Es un coche
pequeño y viejo, sin suficientes años encima como para poder aplicarle el
honroso calificativo de antiguo. Su maletero plano y sus ruedas duras, airosas,
le convierten en el perfecto vehículo de ciudad. Arranca sin fallo con un ronroneo
contento y se desliza por el tráfico sin dejarse avasallar por carrocerías más
brillantes ni motores de una potencia que ni en sus mejores años hubiese podido
alcanzar.
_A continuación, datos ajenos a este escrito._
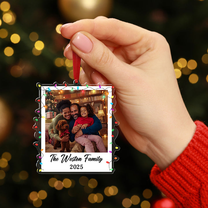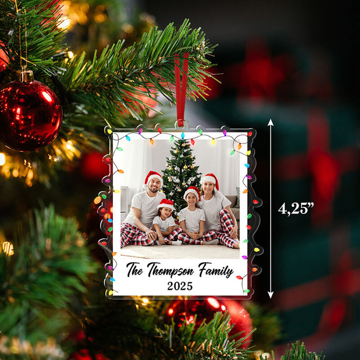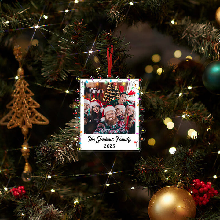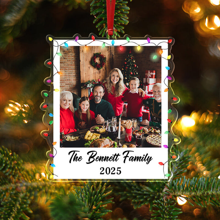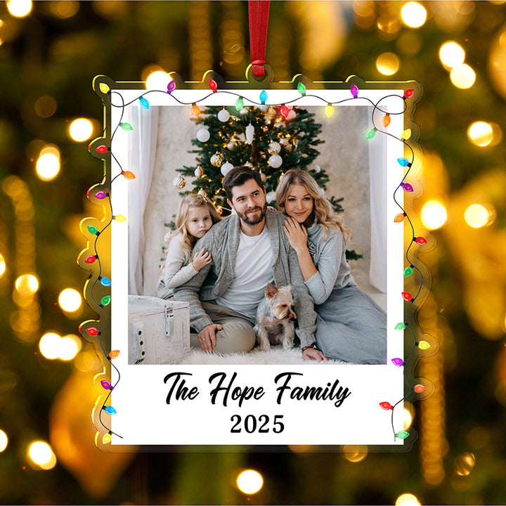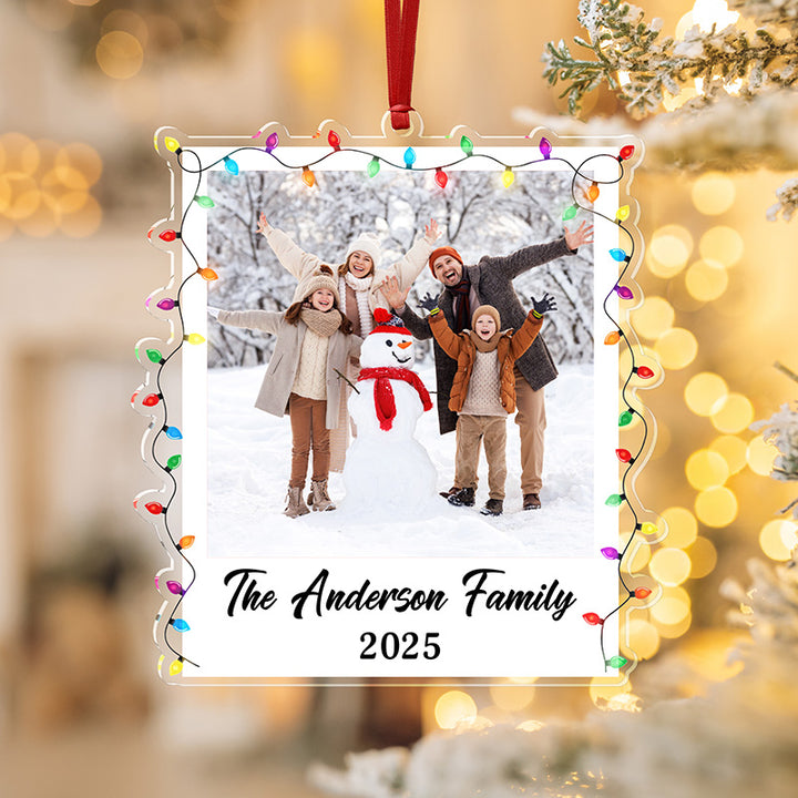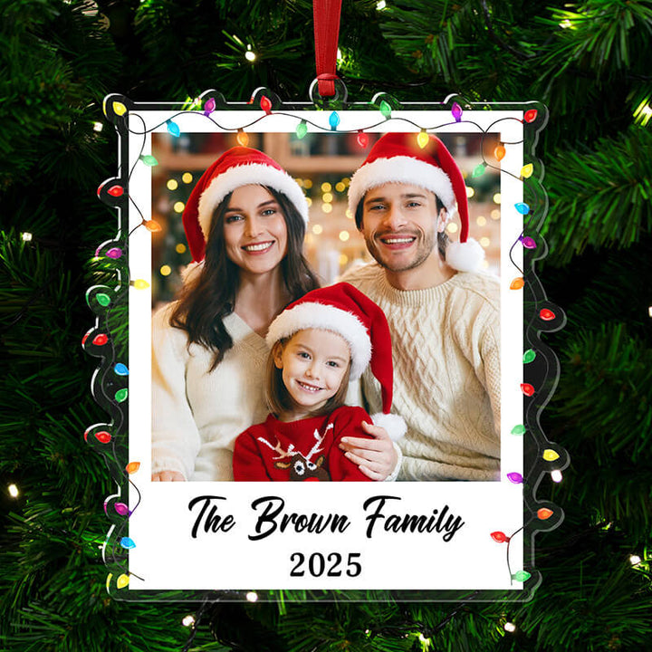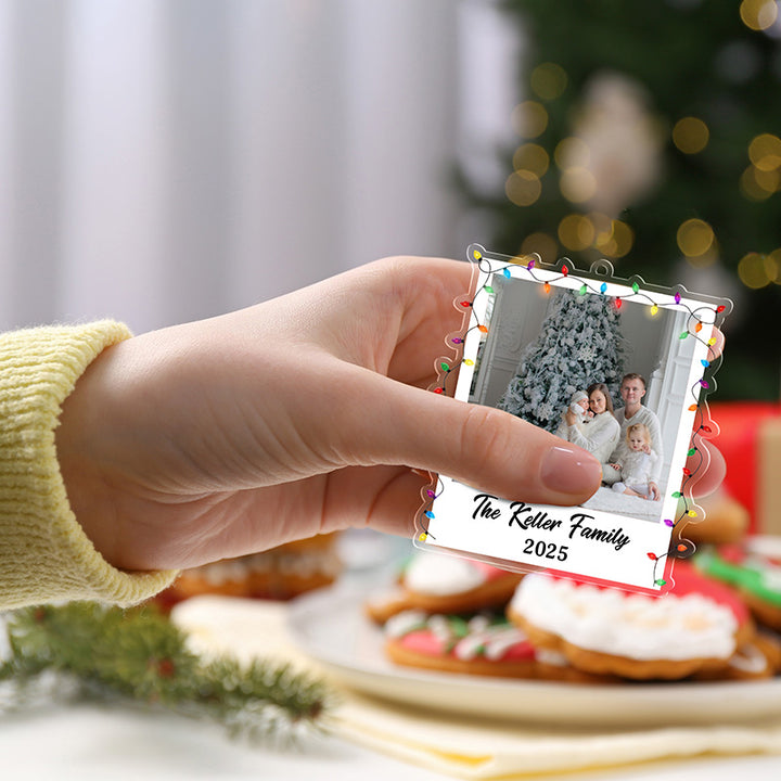 Introduction: Illuminate your festive centerpiece with precious recollections by utilizing the Polaroid Style Christmas Lights Picture Decoration, found solely at Giftshire. This gorgeously designed, four-and-a-quarter-inch acrylic keepsake converts your beloved photograph into an enduring piece of festive décor. Modeled after a traditional instant camera snapshot, it is bordered by a joyful chain of multicolored holiday illuminations, lending a bright, happy radiance to your setting. Just like the examples in our styled photographs featuring the "Hope Family" and the "Thompson Family," it allows you to craft a deeply customized memento for your household by inscribing your picture, specific title/name, and the current year, for example, "2025". If you are seeking a specialty item like a "custom picture ornament" or an exceptional "keepsake photo gift," this item is ideal for memorializing significant life events. Place this delightful photographic border decoration upon your holiday pine to honor your family’s valuable experiences and begin a yearly custom that everyone will cherish indefinitely.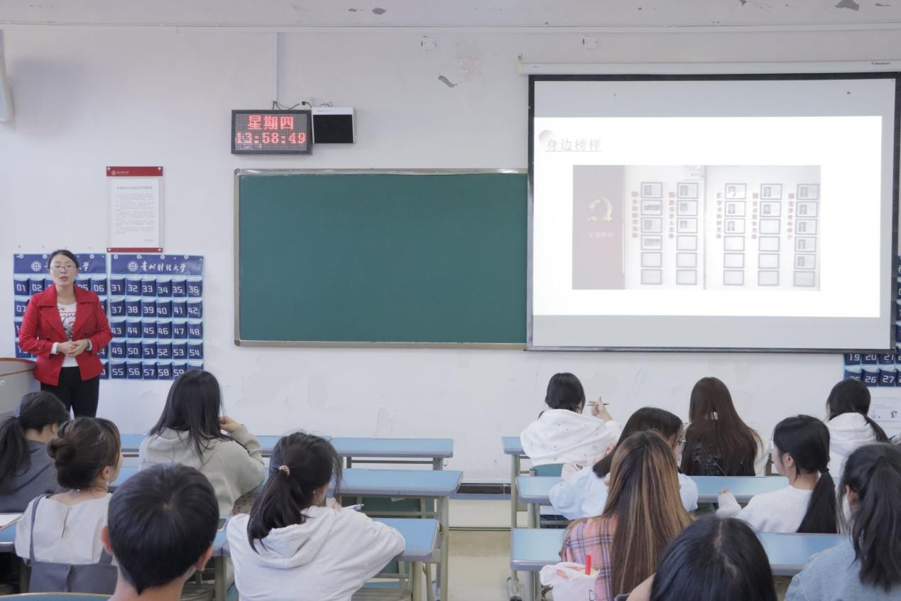 张月娥以“身边榜样”为引,介绍了乡村振兴先锋、教书育人先锋、学术科研先锋、社会服务先锋和优秀青年学子,循循善诱,鼓励同学们向身边榜样学习,激发同学们的入党热情。

La pintura plateada está ensombrecida por una pátina de polvo que
ningún lavado podría eliminar y solo las luces blancas de marcha atrás consiguen
atravesar la capa de suciedad vetusta que se incrusta en los faros. Una línea
apenas perceptible recorre el lateral izquierdo, cicatrices de la última
persona que aprendió a aparcar con él, y en el lateral derecho manchurrones
blancos que se irán comiendo la pintura. En su interior los asientos, a los que
hay que encaramarse en lugar de dejarse caer, están veteados de migas de
galleta y otros restos de meriendas antiguas, de aquellos tiempos en que la
vuelta del colegio lo llenaba de risas y anécdotas. En el hueco debajo del
freno de mano, en lugar de llaves o monedas, una bombilla fundida de origen
desconocido y una crema de manos que nadie ha utilizado en tres años. También
olvidan su utilidad los pañuelos de la guantera, en su caja de cartón todavía
sin abrir, o los botones que a ambos lados del volante activan el claxon, tan
duros que aunque se intentase pulsarlos a duras penas responderían. Y en pocos
días, cuando empiece la primavera, se cubrirá de polen pegajoso de tanto dormir
en la calle.
Ya, ya sé que este ya lo he subido. Pero dado que por fin esta señora nos dijo qué quería de nosotros, lo he tenido que repetir ajustándome un poco más (creo) a sus requerimientos, y aquí está. Supongo que hay gente que sabrá cómo se titula...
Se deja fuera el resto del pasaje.